For each pull request that is authored by a member of @myteam and that is not yet merged, a request_review will be added for @myteam.

Requesting reviews with labels

It’s pretty common to use labels to categorize your pull request. You could have a label for UI changes, one for backend changes, etc. Those pull request could be assigned to different teams.

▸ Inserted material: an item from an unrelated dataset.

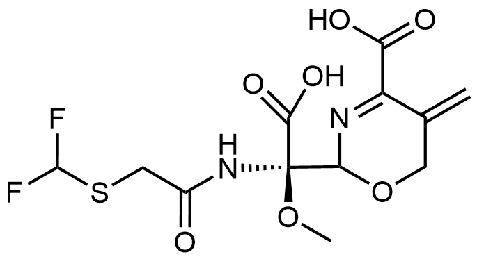 Synonyms: 2-((R)-carboxy(2-((difluoromethyl)thio)acetamido)(methoxy)methyl)-5-methylene-5,6-dihydro-2H-1,3-oxazine-4-carboxylic acid

Let’s say we have a label ui in our repository that is used to identify user-interface changes. Those changes should be reviewed by the @react-ui team.

pull_request_rules:
  - name: request review from React devs
    conditions:
      - label=ui
      - label!=work-in-progress
      - -merged
      - files~=/.*\.jsx$
    actions:
      request_reviews:
        teams:
          - @react-ui

We’ve put a few more conditions in this rule. First, the pull request should be opened and have the label ui set. We also want to be sure the JSX files are modified. Finally, if the pull request has the label work-in-progress there’s no need to request a review yet, so we don’t do it.

Release management

If you use dedicated branches for release for your software, having your release manager reviewing for stable branches might be interesting. You could write a rule like:

pull_request_rules
  - name: ask RM to review the PR
    conditions:
      - base~=stable/.*
    actions:
      request_reviews:
        users:
          - your-release-manager-login

With such a rule, a review will be requested each time a pull request is opened against a branch under the stable/ namespace.

There are plenty more workflows that you could implement with Mergify. We’ve added a few in our documentation examples section. Feel free to suggest more ideas!